Protection of sensitive information, removal of bias will be key
Taking care of bias and truthfulness – it is common knowledge that large language models exhibit different kinds of biases due to the vast data they collect from different sources. Various studies and papers indicate how these biases can spread over caste, religion, ethnicity, and the kind of societal impact it can have. Another area that needs focus will be the protection of sensitive information. In a study last year by Google, Apple, Stanford University, OpenAI, the University of California, Berkeley, and Northeastern University, the co-authors showed that large language models can be prompted to show sensitive, private information when fed certain words and phrases. With so much data used for a mammoth model of that size, protecting sensitive information will be crucial.
Future is not just text, but videos, audios and images too
Though GPT-3 largely relied on text, a discussion by Stanford University titled “How Large Language Models Will Transform Science, Society, and AI” feels that the future will be different. The future models that are on the way will be trained on data from other sources as well as from videos, audios, images and more. This will bring in diversity and an enhanced learning speed.
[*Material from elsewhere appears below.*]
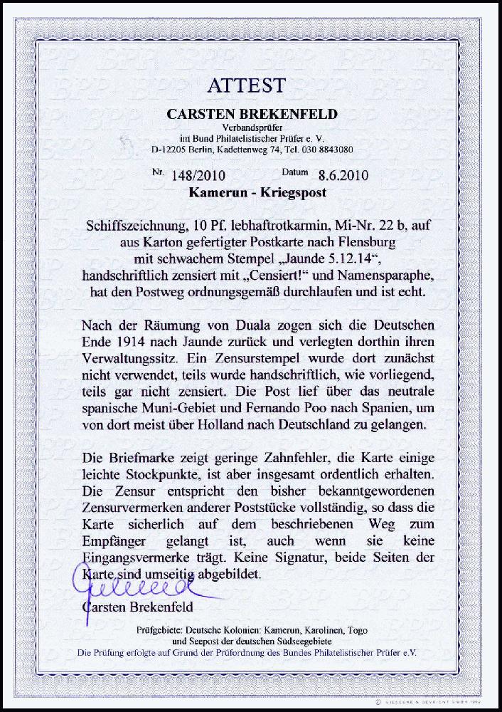 | Zusatzinformationen und Suchstichworte: | Württembergisches Auktionshaus 141. Versteigerung 10. Dezember 2022 Los 6463 Deutsche Kolonien Kamerun Kriegspost Handschriftliche Jaunde-Zensur: JAUNDE 5/12 14 auf selbstgefertigter Postkarte 10 Pfg. (kl. Mgl.) nach Flensburg. Li. oben mit handschriftlichem blauem Vermerk "Censiert!" nebst Namensparaphe des Zensors. Seltene Post über Fernando Poo nach Deutschland mit dieser ungewöhnlichen Ausgangszensur, Fotoattest Brekenfeld. Ausruf 300,00 EUR |
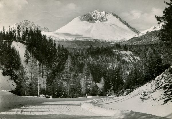 Widok na Kończystą i Gerlach w zimowej scenerii z Tatrzańskiej Polanki. Na pierwszym planie Droga Wolności, w głębi las.

Progress in this area has already been made by releasing OpenAI’s DALL·E, a 12-billion parameter version of GPT-3 trained to generate images from text descriptions using a dataset of text-image pairs.
Before A 100T model release, develop norms and rules for deployment of LLMs
If we are to see such massive 100T language models in the near future, what needs to be done urgently is to develop rules with respect to various aspects of deploying such models. Who builds such models? Who is responsible for looking into its ethical part? If there are biases, leaks of sensitive information, who will bear the brunt? – these are the questions one needs to work on before scaling models to bigger numbers.